15. The method according to claim 11, characterized in that the NT-4/5 polypeptide is linked to a molecule of polyethylene glycol (PEG).

16. The method according to claim 15, characterized in that the NT-4/5 polypeptide comprises the amino acid sequence of SEQ ID NO: 1 with a G amino acid residue at position 1 changed to S or T, and wherein the polypeptide NT-4/5 binds to a PEG molecule at position 1.

17. The method according to claim 11, characterized in that the NT-4/5 polypeptide is administered in conjunction with an antibody that specifically binds to the NT-4/5 polypeptide.

18. A method for treating insulin-dependent diabetes mellitus in an individual, characterized in that it comprises administering to the individual an effective amount of a? T-4/5 polypeptide.

19. The method according to claim 18, characterized in that a disorder associated with non-insulin-dependent diabetes mellitus in the individual is treated, and wherein the disorder is selected from the group consisting of hyperglycemia, low glucose tolerance, resistance to insulin, abdominal obesity, lipid disorders, dyslipidemia, hyperlipidemia, hypertriglyceridemia, and metabolic syndrome.

20. The method according to claim 18, characterized in that the NT-4/5 polypeptide is a naturally occurring NT-4/5. _twenty-one.

The method according to claim 18, characterized in that the NT-4/5 polypeptide comprises the amino acid sequence of SEQ ID NO: 1.

22. The method according to claim 18, characterized in that the NT-4/5 polypeptide comprises the amino acid sequence of SEQ ID NO: 1 with an amino acid substitution.

23. The method according to claim 18, characterized in that the NT-4/5 polypeptide is linked to a polyethylene glycol (PEG) molecule.

The method according to claim 23, characterized in that the? T-4/5 polypeptide comprises the amino acid sequence of SEQ ID NO: 1 with a G amino acid residue in position 1 changed to S or T, and in where the NT-4/5 polypeptide is linked to a PEG molecule at position 1.

25. The method according to claim 18, characterized in that the NT-4/5 polypeptide is administered in conjunction with an antibody that specifically binds the NT-4/5 polypeptide.

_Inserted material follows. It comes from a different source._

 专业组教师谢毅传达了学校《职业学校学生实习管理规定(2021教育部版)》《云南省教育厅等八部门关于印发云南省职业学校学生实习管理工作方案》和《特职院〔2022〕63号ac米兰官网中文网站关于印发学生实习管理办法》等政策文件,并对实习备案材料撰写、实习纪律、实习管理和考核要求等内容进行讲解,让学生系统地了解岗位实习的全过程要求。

26. A method for treating metabolic syndrome in an individual, the method characterized in that it comprises administering to the individual an effective amount of an NT-4/5 polypeptide.

27. The method according to claim 26, characterized in that the NT-4/5 polypeptide is a naturally occurring NT-4/5.

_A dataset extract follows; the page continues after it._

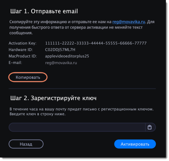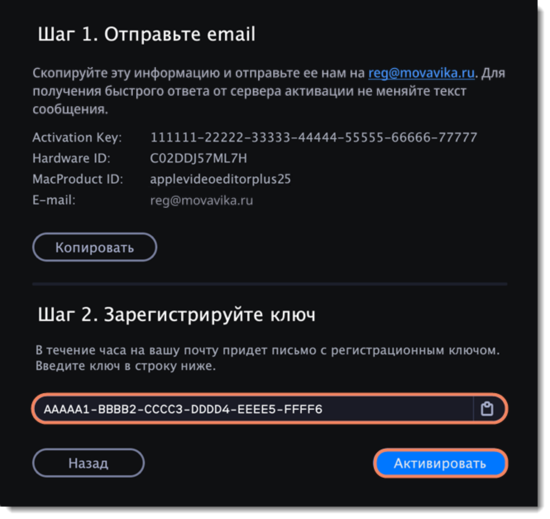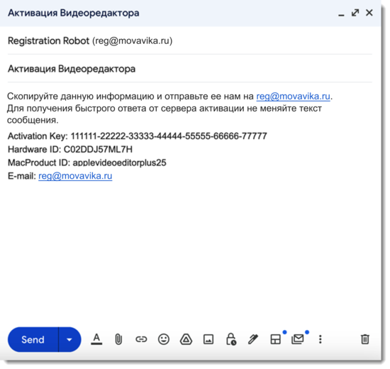 5. Когда у вас будет доступ в интернет, вставьте эту информацию в текст письма и отправьте его по e-mail на reg@movavika.ru. В течение часа вам должен прийти ответ с вашим регистрационным ключом. Скопируйте ключ и перенесите его на компьютер с Мовавика Видео.

28. The method according to claim 26, characterized in that the? T-4/5 polypeptide comprises the amino acid sequence of SEQ ID NO: 1.

29. The method according to claim 26, characterized in that the NT-4/5 polypeptide comprises the amino acid sequence of SEQ ID NO: 1 with an amino acid substitution.

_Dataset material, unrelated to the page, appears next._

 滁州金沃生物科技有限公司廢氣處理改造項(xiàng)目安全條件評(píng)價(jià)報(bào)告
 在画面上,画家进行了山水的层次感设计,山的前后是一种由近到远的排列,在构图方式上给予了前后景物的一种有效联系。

30. The method according to claim 26, characterized in that the NT-4/5 polypeptide is linked to a polyethylene glycol (PEG) molecule.

31. The method according to claim 30, characterized in that the NT-4/5 polypeptide comprises the amino acid sequence of SEQ ID NO: 1 with a G amino acid residue at position 1 changed to S or T, and wherein the polypeptide NT-4/5 binds to a PEG molecule at position 1.

32. The method according to claim 26, characterized in that the NT-4/5 polypeptide is administered in conjunction with an antibody that specifically binds the NT-4/5 polypeptide.

33. A pharmaceutical composition comprising an NT-4/5 polypeptide and a pharmaceutically acceptable excipient, characterized in that the NT-4/5 polypeptide is linked to a PEG molecule.

34. The pharmaceutical composition according to claim 33, characterized in that the NT-4/5 polypeptide comprises an amino acid sequence of a mature NT-4/5 protein with an amino acid substitution, wherein the substituted amino acid is linked to the PEG molecule.

35. The pharmaceutical composition according to claim 33, characterized in that the NT-4/5 polypeptide comprises the amino acid sequence of SEQ ID NO: 1 with a G amino acid residue at position 1 changed to S or T, and wherein the NT-4/5 polypeptide is linked to a PEG molecule at position 1.

36. The pharmaceutical composition according to claim 33, characterized in that the NT-4/5 polypeptide comprises the amino acid sequence of SEQ ID NO: 1 with an amino acid residue S at position 50 changed to C, and where the NT polypeptide -4 / 5 is linked to a PEG molecule at position 50.